Nach drei Jahren ist er wieder da: der Seat Toledo kommt im März 2013 auf den Markt.(Foto: Axel F. Busse)

Seat kommt als Tschechen-Klon: Neuer Toledo lockt mit Nutzwert

Von Axel F. Busse

Was beim VW "Up!" funktioniert, muss eine Klasse höher nicht schief gehen. Als Zwei-Marken-Auto wird demnächst der Seat Toledo um Kunden werben. Vier Monate vor der offiziellen Vorstellung des Modells in Deutschland hat n-tv.de ihn schon gefahren.

Lademeister: Der Toledo schluckt so viel Gepäck wie ein Großer.
Lademeister: Der Toledo schluckt so viel Gepäck wie ein Großer.(Foto: Axel F. Busse)

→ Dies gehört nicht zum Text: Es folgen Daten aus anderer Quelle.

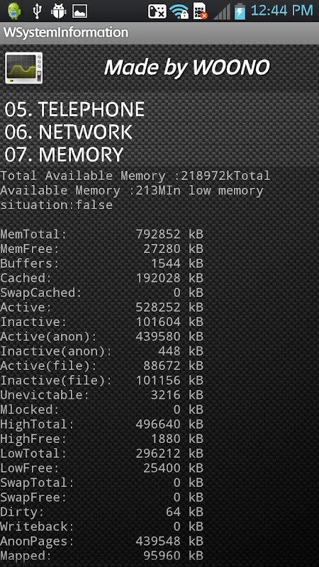 Informasi CPU, Informasi baterai, membangun informasi, jaringan informasi, memproses informasi, konfigurasi jaringan, status jaringan, informasi panggilan, informasi Tugas, informasi disk, dan informasi resolusi, informasi memori, dan aplikasi membantu menunjukkan.

Es gibt Märkte, das kommt ein Stufenheck an, und es gibt welche, da läuft’s einfach nicht. Deutschland gehört zur zweiten Kategorie. Wenn schon Kompaktklasse, dann muss das Auto hierzulande eine große Klappe über dem Kofferraum haben und die Forderung erfüllt der neue Seat Toledo. Als kleiner Trickser kommt der 4,48 Meter lange Viertürer daher, und zwar gleich auf zweierlei Weise.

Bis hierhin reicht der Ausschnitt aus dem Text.